The response must contain the complete data, printed exactly.

Records from a collection
Segment Open

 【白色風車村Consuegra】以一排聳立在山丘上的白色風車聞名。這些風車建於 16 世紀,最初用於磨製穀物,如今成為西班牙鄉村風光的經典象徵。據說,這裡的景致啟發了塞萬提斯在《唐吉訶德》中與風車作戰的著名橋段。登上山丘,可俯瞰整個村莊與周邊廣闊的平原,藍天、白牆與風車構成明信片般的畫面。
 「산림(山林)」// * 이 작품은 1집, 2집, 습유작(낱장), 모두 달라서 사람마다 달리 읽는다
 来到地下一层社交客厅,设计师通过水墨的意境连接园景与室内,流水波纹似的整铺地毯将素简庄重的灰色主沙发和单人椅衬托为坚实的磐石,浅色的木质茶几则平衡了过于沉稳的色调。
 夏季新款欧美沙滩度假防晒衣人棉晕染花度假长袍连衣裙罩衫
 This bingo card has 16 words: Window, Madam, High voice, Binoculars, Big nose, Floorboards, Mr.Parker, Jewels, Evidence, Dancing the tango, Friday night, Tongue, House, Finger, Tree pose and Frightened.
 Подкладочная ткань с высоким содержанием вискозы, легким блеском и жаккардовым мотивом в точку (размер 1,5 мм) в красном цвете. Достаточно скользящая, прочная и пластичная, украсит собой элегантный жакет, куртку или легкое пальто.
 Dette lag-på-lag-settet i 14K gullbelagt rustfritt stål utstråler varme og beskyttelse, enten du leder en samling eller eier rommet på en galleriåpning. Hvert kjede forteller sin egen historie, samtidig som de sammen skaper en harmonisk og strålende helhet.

Segment Closed

_Response to this exercise:_
 【白色風車村Consuegra】以一排聳立在山丘上的白色風車聞名。這些風車建於 16 世紀,最初用於磨製穀物,如今成為西班牙鄉村風光的經典象徵。據說,這裡的景致啟發了塞萬提斯在《唐吉訶德》中與風車作戰的著名橋段。登上山丘,可俯瞰整個村莊與周邊廣闊的平原,藍天、白牆與風車構成明信片般的畫面。
 「산림(山林)」// * 이 작품은 1집, 2집, 습유작(낱장), 모두 달라서 사람마다 달리 읽는다
 来到地下一层社交客厅,设计师通过水墨的意境连接园景与室内,流水波纹似的整铺地毯将素简庄重的灰色主沙发和单人椅衬托为坚实的磐石,浅色的木质茶几则平衡了过于沉稳的色调。
 夏季新款欧美沙滩度假防晒衣人棉晕染花度假长袍连衣裙罩衫
 This bingo card has 16 words: Window, Madam, High voice, Binoculars, Big nose, Floorboards, Mr.Parker, Jewels, Evidence, Dancing the tango, Friday night, Tongue, House, Finger, Tree pose and Frightened.
 Подкладочная ткань с высоким содержанием вискозы, легким блеском и жаккардовым мотивом в точку (размер 1,5 мм) в красном цвете. Достаточно скользящая, прочная и пластичная, украсит собой элегантный жакет, куртку или легкое пальто.
 Dette lag-på-lag-settet i 14K gullbelagt rustfritt stål utstråler varme og beskyttelse, enten du leder en samling eller eier rommet på en galleriåpning. Hvert kjede forteller sin egen historie, samtidig som de sammen skaper en harmonisk og strålende helhet.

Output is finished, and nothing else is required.